The stuff that didn’t work

“I didn’t fail 1,000 times. The light bulb was an invention with 1,000 steps.” — Thomas Edison

Regardless of the particular people you aim to serve or the types of problems you aim to solve, it remains true for all endeavors that some actions done even with the best of preparation and intentions won’t work as planned:

The marketing campaign that falls on deaf ears.

The prototype of a solution that doesn’t appear to actually be solving anything.

The call with a customer that results in both parties having more questions than answers.

To be clear though, stuff not working has nothing to do with failure because there is almost always a valuable lesson to be learned when something doesn’t work — about how to build a better marketing campaign, how to build a better and more functional prototype, or how to have better conversations.

Stuff not working
is merely the natural part of an iterative process that involves you acquiring the learnings needed in order to be able to build things that successfully create change, solve problems, and ultimately help the people you aim to serve.

There's always something that doesn't work. It's up to the individual to decide when they want to actually enter that zone.
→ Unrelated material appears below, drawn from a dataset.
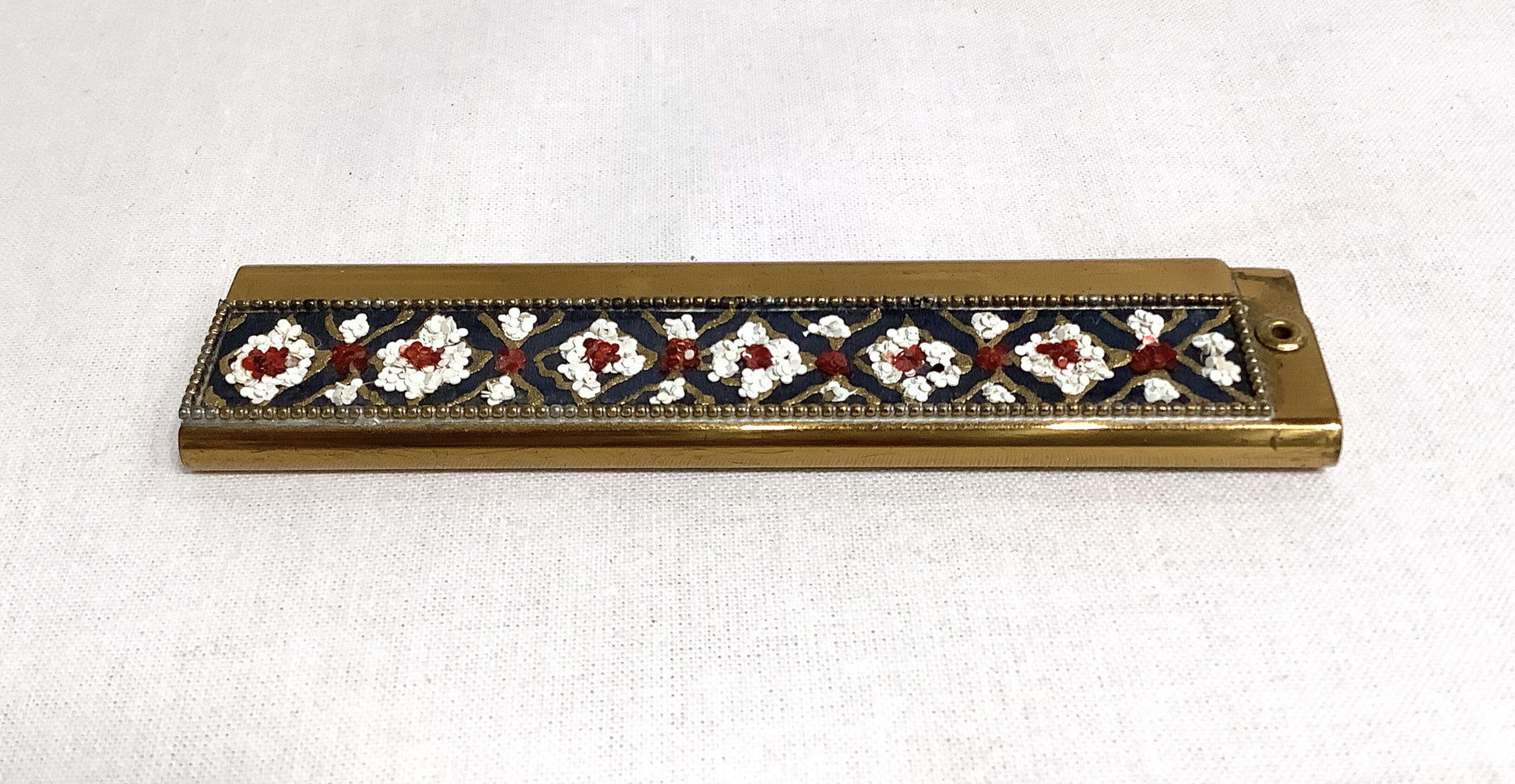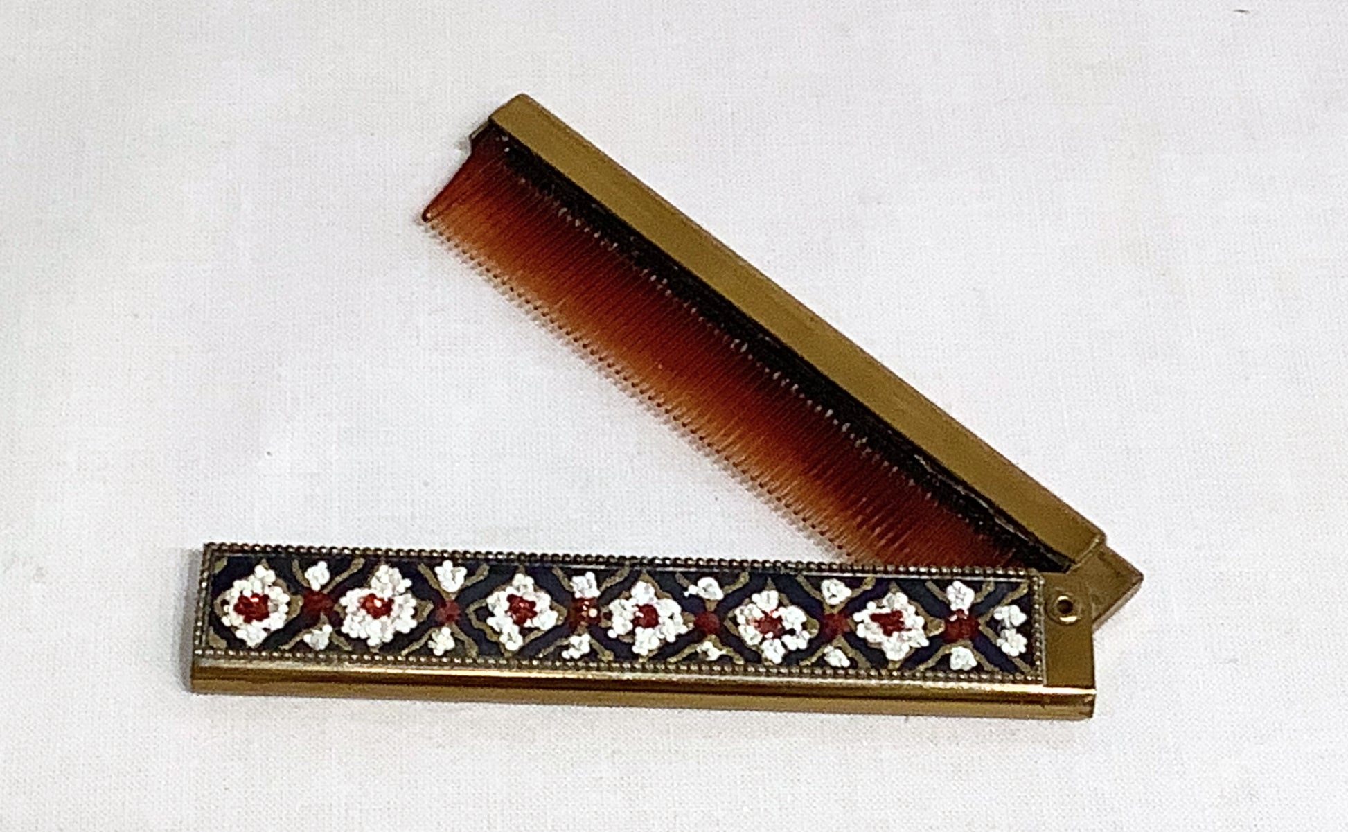 This vintage compact comb from the 1950's is in excellent condition, with no damage to the comb's teeth or the compact's beaded pattern. This stylish compact comb is sure to up the elegance of an evening out. Item is 4" x 3/4" x 1/3".

Most of us stay out of that zone and then life throws us in once in awhile, but we jump out real quick like its cold water.

Progress is about realizing that there is always a zone between the territories of it's working! and other stuff that should be working but isn't. People like Musk/Bezos/Disney simply enjoy being in that zone because that's where invention is possible and they keep expanding the territory subsequently jumping into the newly drawn zone of it's not working.

Most of us lose momentum because we get addicted to feeling good about things that are working. Most of my conversations about
brianball
centers around balancing this idea with the rest of life outside of work.

2021-02-06 17:43:48
abrahamKim
 - what you mention about stepping into that zone of _it's not working_ makes a lot of sense.
2021-02-06 20:23:37
Love this, always believed in it. Growth mindset at its best. To build on it, just thinking out loud, if we had never really failed (because each 'failure' was just a data point), can we say we succeeded then (when we reach the objective)? Because just like failure, success feels like just another data point on what worked... quite humbling to think that.  
2021-02-08 08:15:11
I agree with you that each point in itself can't be determined as fail/success in the long run. In the long run it's just a game of self narrative. And so the big win is just a narrative you tell yourself that happens to be both honest and good.
2021-02-08 14:24:05
abrahamKim
 that could almost be a reply to the question: "What's the meaning of life?" It's just the narrative we tell ourselves.